[EXTRACTED INFORMATION Boundary: Start]

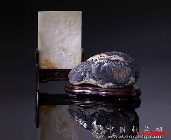 清乾隆御制黑白玉题诗句山子 长23.5厘米
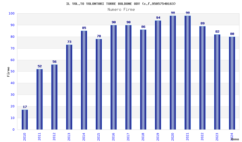 Anno Firme Importi Media Naz. Reg. Prov. Comu.
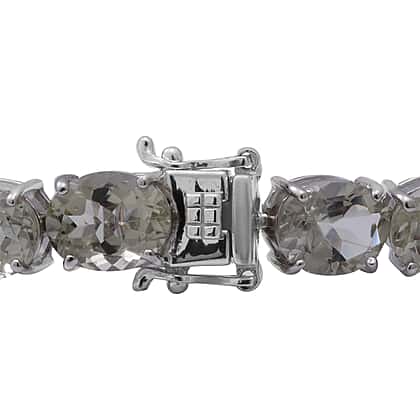 Prasiolite Bracelet (Size 8) in Rhodium Overlay Sterling Silver 46.36 Ct, Silver Wt. 15.00 Gms
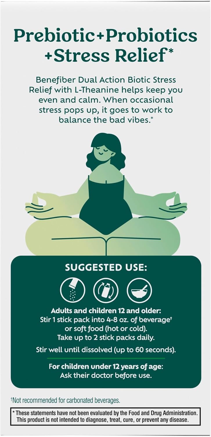 Benefiber Dual Action Biotic plus Stress Relief (1) is a perfect way to support your digestive health in an easy to take format that works with your schedule. This dual action plant-based fiber combines prebiotic fiber and probiotics to help optimize gut health and also contains L-theanine to help calm and destress (1). This prebiotic fiber powder with probiotics comes in convenient, pre-measured stick packs that are perfect for taking on-the-go. These stick packs add to and nourish the good bacteria in your gut, helping support an environment for good digestive health (1). This gluten free prebiotic dietary supplement with probiotics can be mixed into your favorite foods and non-carbonated beverages like water or juice, so you can enjoy all the benefits of this soluble fiber supplement in your favorite foods and beverages. Use this fiber powder supplement as directed to support your digestive health (1). A healthy gut is a healthy you. (1) These statements have not been evaluated by the Food and Drug Administration. These products are not intended to diagnose, treat, cure or prevent any disease.
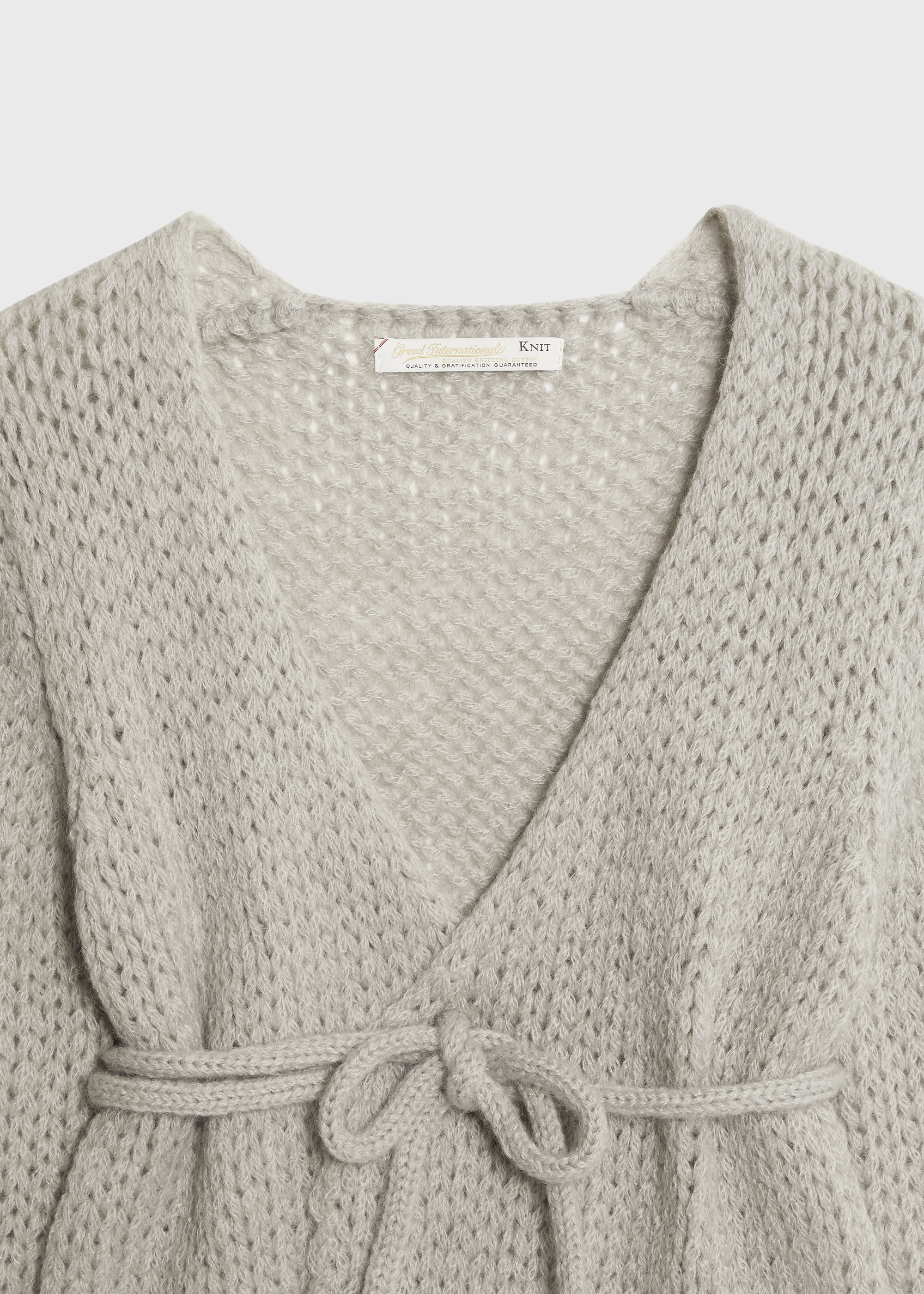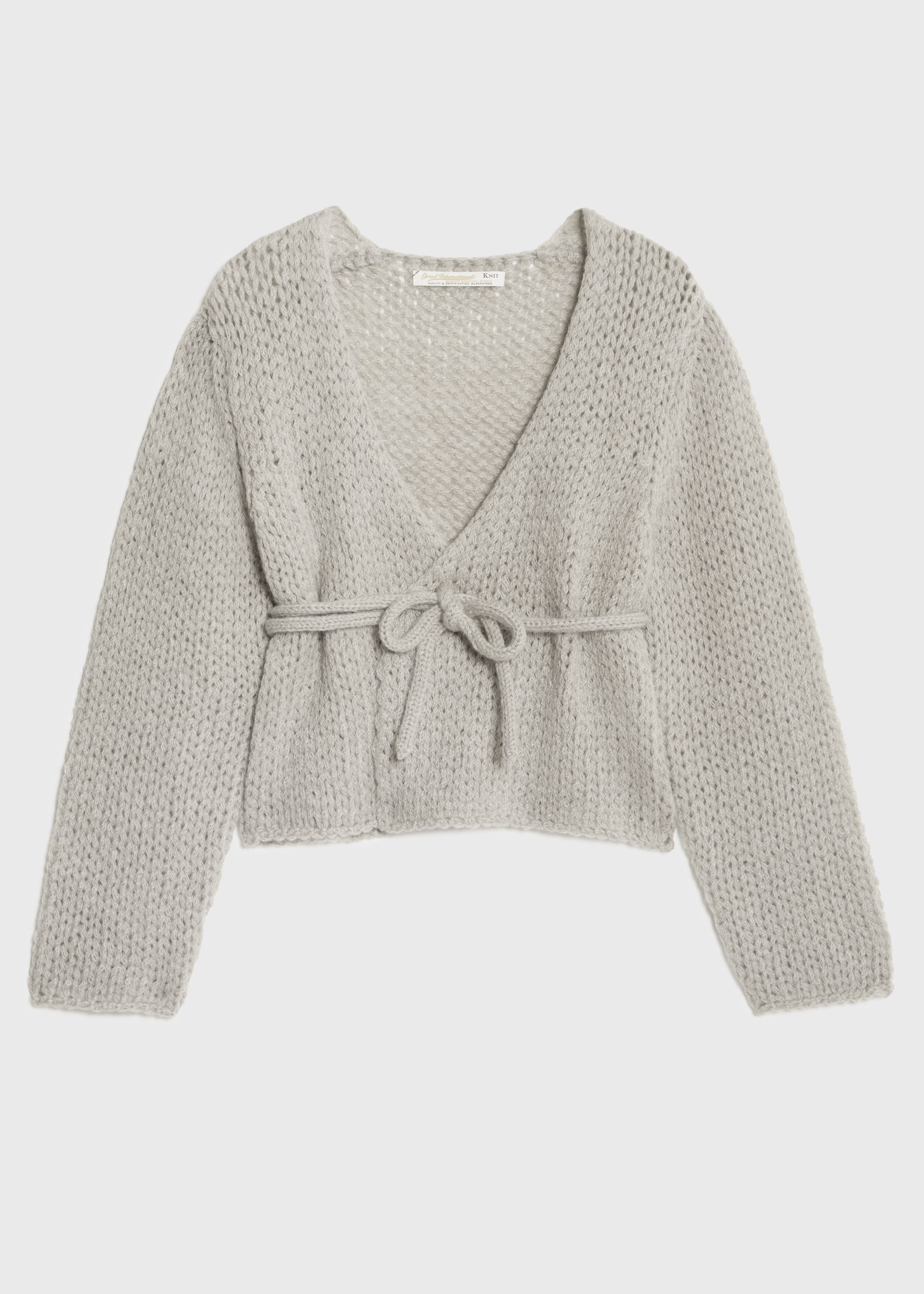 リリーヤーン糸の形状を最大限に生かして、着用時の着心地とシルエットがキレイにでるようバランスを考えたデザインのカシュクールセーターです。ウエスト紐はロープ状に編み存在感を持たせています。様々なインナーと相性良くご着用頂けます。上品な光沢と、毛足の長いソフトな膨らみが特徴の高級なキッドモヘヤを55%使用しております。リリヤンならではの優しい丸みをおびた糸の可愛らしい見た目も魅力の一つです。デザインの仕様上ループの大きさにばらつきが生じる場合がございます。引っ掛かりには十分ご注意下さい。

[EXTRACTED INFORMATION Boundary: End]

### TRY IT
Please print each of the records word for word, keeping the pictures out.

### ANSWER FOR THIS EXERCISE
 清乾隆御制黑白玉题诗句山子 长23.5厘米
 Anno Firme Importi Media Naz. Reg. Prov. Comu.
 Prasiolite Bracelet (Size 8) in Rhodium Overlay Sterling Silver 46.36 Ct, Silver Wt. 15.00 Gms
 Benefiber Dual Action Biotic plus Stress Relief (1) is a perfect way to support your digestive health in an easy to take format that works with your schedule. This dual action plant-based fiber combines prebiotic fiber and probiotics to help optimize gut health and also contains L-theanine to help calm and destress (1). This prebiotic fiber powder with probiotics comes in convenient, pre-measured stick packs that are perfect for taking on-the-go. These stick packs add to and nourish the good bacteria in your gut, helping support an environment for good digestive health (1). This gluten free prebiotic dietary supplement with probiotics can be mixed into your favorite foods and non-carbonated beverages like water or juice, so you can enjoy all the benefits of this soluble fiber supplement in your favorite foods and beverages. Use this fiber powder supplement as directed to support your digestive health (1). A healthy gut is a healthy you. (1) These statements have not been evaluated by the Food and Drug Administration. These products are not intended to diagnose, treat, cure or prevent any disease.
 リリーヤーン糸の形状を最大限に生かして、着用時の着心地とシルエットがキレイにでるようバランスを考えたデザインのカシュクールセーターです。ウエスト紐はロープ状に編み存在感を持たせています。様々なインナーと相性良くご着用頂けます。上品な光沢と、毛足の長いソフトな膨らみが特徴の高級なキッドモヘヤを55%使用しております。リリヤンならではの優しい丸みをおびた糸の可愛らしい見た目も魅力の一つです。デザインの仕様上ループの大きさにばらつきが生じる場合がございます。引っ掛かりには十分ご注意下さい。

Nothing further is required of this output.